What happens when it gets out there depends on whether my thinking resonates with others out there on the Internet. I get emails saying that so-and-so “liked” a post, which is nice, or that so-and-so is now “following” my posts, which is nicer, but comments on my posts are rare. Insert not-smiley emoticon. I’m not sure why. Maybe I should solicit and respond to comments? Insert smiley emoticon.
Anyhow, I like WordPress and it works for me, but there are probably, almost certainly, other blogging systems that would do as well, each with their own quirks and wrinkles. I wouldn’t presume to say that WordPress is the best or that WordPress is for everyone. But it works for me.
I aim to do approximately 1000 words per post (the editor tells me I’m just over half way there – helpful). I base this on the concept that if the post is too long, it won’t get read to the end, unless it is *really* interesting. I don’t aspire to be more than 1000 words interesting! I think that’s reasonable and I hope it *is* reasonable, otherwise I’m wasting my time.
When I started this blog, I decided that I would post on Friday or Saturday each week. That has slid out to Tuesday occasionally, but I’m pleased to say that I have maintained the once a week target since I decided to attempt it. Yay! There are personal reasons why Friday and Saturday are not conducive to blog writing, and Sunday is the day that I am (effectively) targetting these days. I’m writing this on a Sunday.
Who am I blogging to? I putting these posts out there, on the Internet, and presumably I hope that someone will read them. Actually, that not as clear cut as all that. While I love the idea that some people might find my posts (ruminations? ramblings?) interesting, I don’t think that I’d be disappointed if nobody read them. If anyone does, please comment with “Hey, Cliff, I read the post.” Extra comments optional!

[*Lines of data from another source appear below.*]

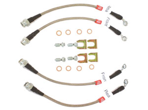 1997-2004 Corvette Stainless Steel Braided Brake Hose Set  - D.O.T Compliant, 4-hoses, 4-Banjo Bolts, 8-Banjo Washers, and 4-Hose Clips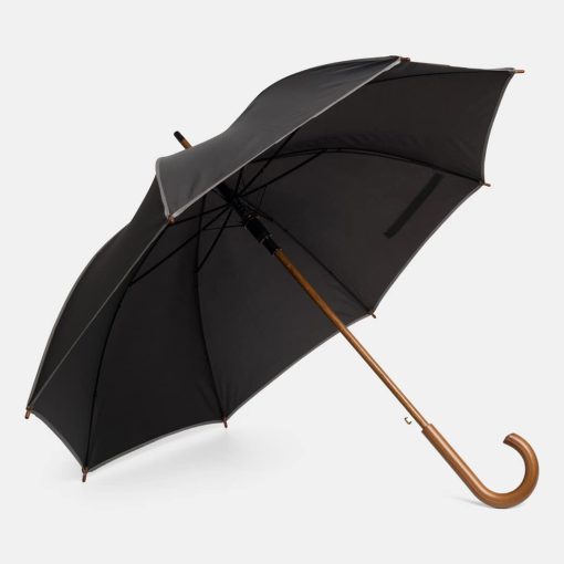 Paraplyet har automatisk öppning och en stabil konstruktion med trädetaljer, vilket gör det till ett pålitligt val i regnigt väder.
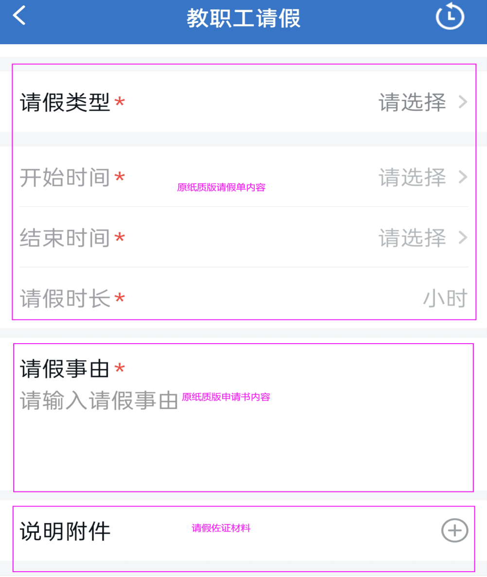 (二)按要求填写表单。请假须写明具体事由;均须上传相关证明材料(事假需写清具体请假事由),可手机拍照上传,但务必保证图像清晰(图二)。

Blogging is a narcissistic occupation. The blogger puts his thoughts out there, on the Internet, because he thinks his thoughts are of some value. Maybe they are, maybe they aren’t. It doesn’t matter to the blogger, or at least to this blogger. If you figure out the millions of bloggers world-wide and the number of postings that they make per day, it is unlikely that any one blogger is likely to attract a lot of attention. Unless they happen to be President of the United States or something.

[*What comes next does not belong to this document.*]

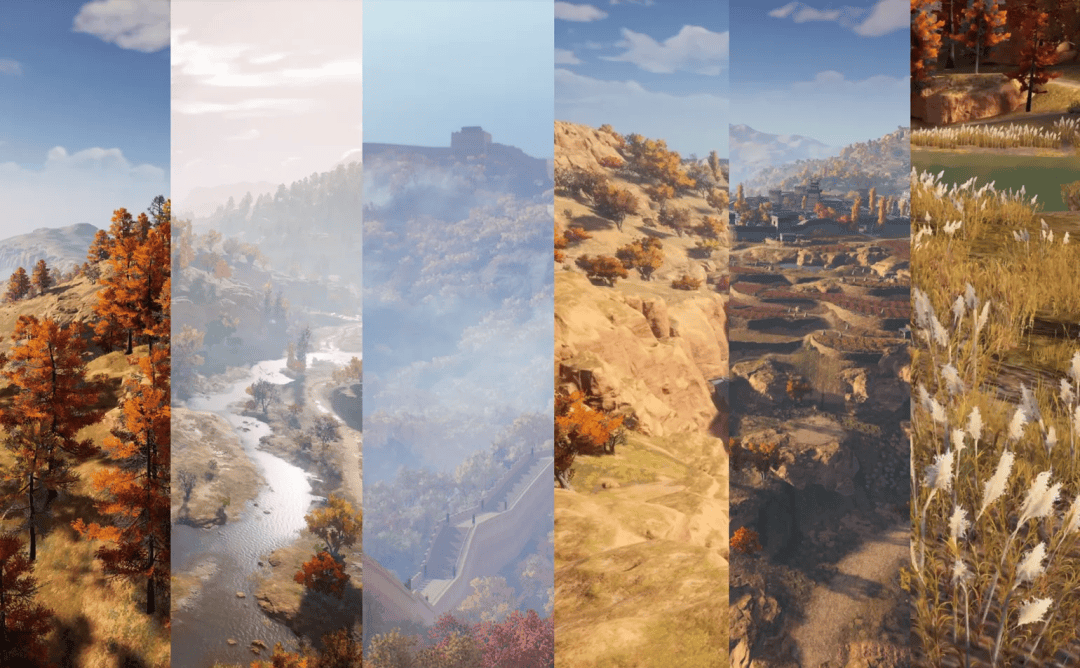 这是预告片的一个片段。我想展示一下我们之前做的一些自然环境方面的工作。如大家所见,过去几年我们一直在构建一款开放世界类型的手机游戏。我们的目标是拥有64平方公里的可玩区域。其中64%的世界将是自然环境。接近40%将是像小镇和大都市这样的以人类活动为中心的环境。

I’m always grateful when someone comments on my posts though. I don’t think that the blogging medium is particularly good for having a conversation or discussion though, as I don’t spend a lot of time on it, and I don’t get a huge number of comments. I do know that some people do end up with 1000s of comments on their posts, but those blogs tend to be specialised – political blogs for example. I don’t have such a detailed target, so I’m happy with the few comments and likes that I get.